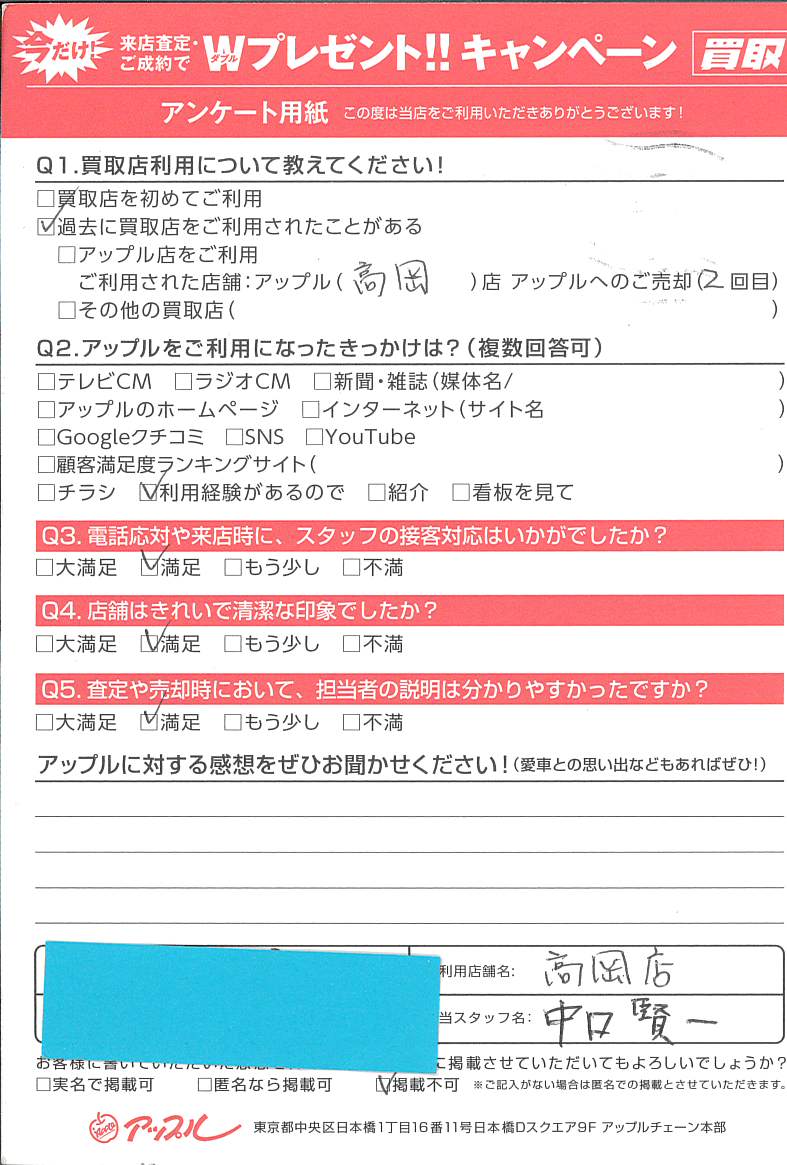 A:アップル高岡店2度目のご利用
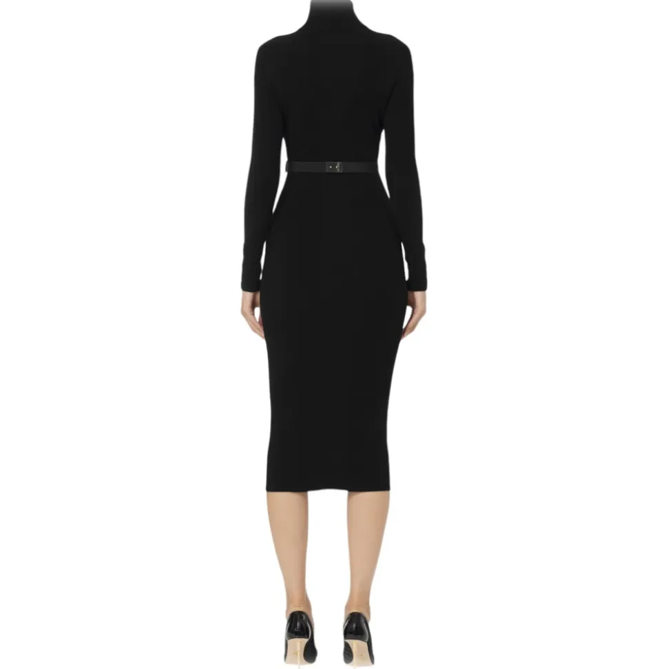 Elisabetta Franchi – High Neck Ribbed Longuette Dress – Black – Dress – Made in Italy – Luxury Exclusive Collection
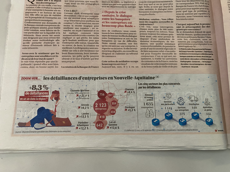 Travail réalisé pour la rubrique “Eco et Entreprise”, intitulé “Zoom sur… les défaillances d’entreprises en Nouvelle-Aquitaine publié dans le journal du 26 novembre 2025.
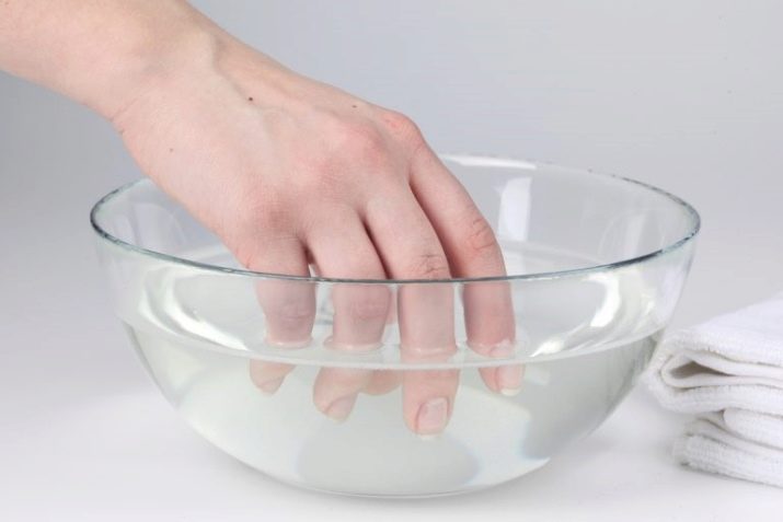 If the skin was injured when the nail plate was broken, then the wound should be healed first. To do this, cut the nail along the crack line, treat the dermis with an antiseptic. Next, stop the bleeding. Press the wound with a cotton pad and hold for a few minutes. Put your finger first in cold water and hold there for 15 minutes. This will help reduce pain. Then move your finger in a warm solution of table or sea salt (add 1 teaspoon of salt to 1 liter of water). This procedure will speed up the drying of the wound.
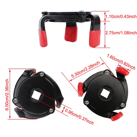 Meet the Universal Car Oil Filter Wrench with a robust 3-jaw design—built to tackle stubborn oil filters across a wide range of vehicles. Crafted from high carbon steel and finished in black and red, this tool delivers dependable torque without slipping, protecting both you and your engine during maintenance.
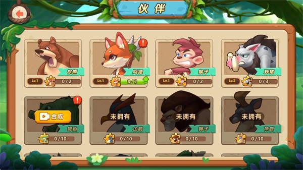 包含松鼠射手、兔子卫士等多种个性鲜明的小动物,每种都有独特技能与外观,收集过程充满惊喜,不同动物组合还能触发专属羁绊效果,丰富阵容构建思路。

> _Directions for this task_
Write out, please, the lines of the listing above from the one with "Meet the Universal" through the very last, exactly as given and with no pictures.

> _Answer section_
 Meet the Universal Car Oil Filter Wrench with a robust 3-jaw design—built to tackle stubborn oil filters across a wide range of vehicles. Crafted from high carbon steel and finished in black and red, this tool delivers dependable torque without slipping, protecting both you and your engine during maintenance.
 包含松鼠射手、兔子卫士等多种个性鲜明的小动物,每种都有独特技能与外观,收集过程充满惊喜,不同动物组合还能触发专属羁绊效果,丰富阵容构建思路。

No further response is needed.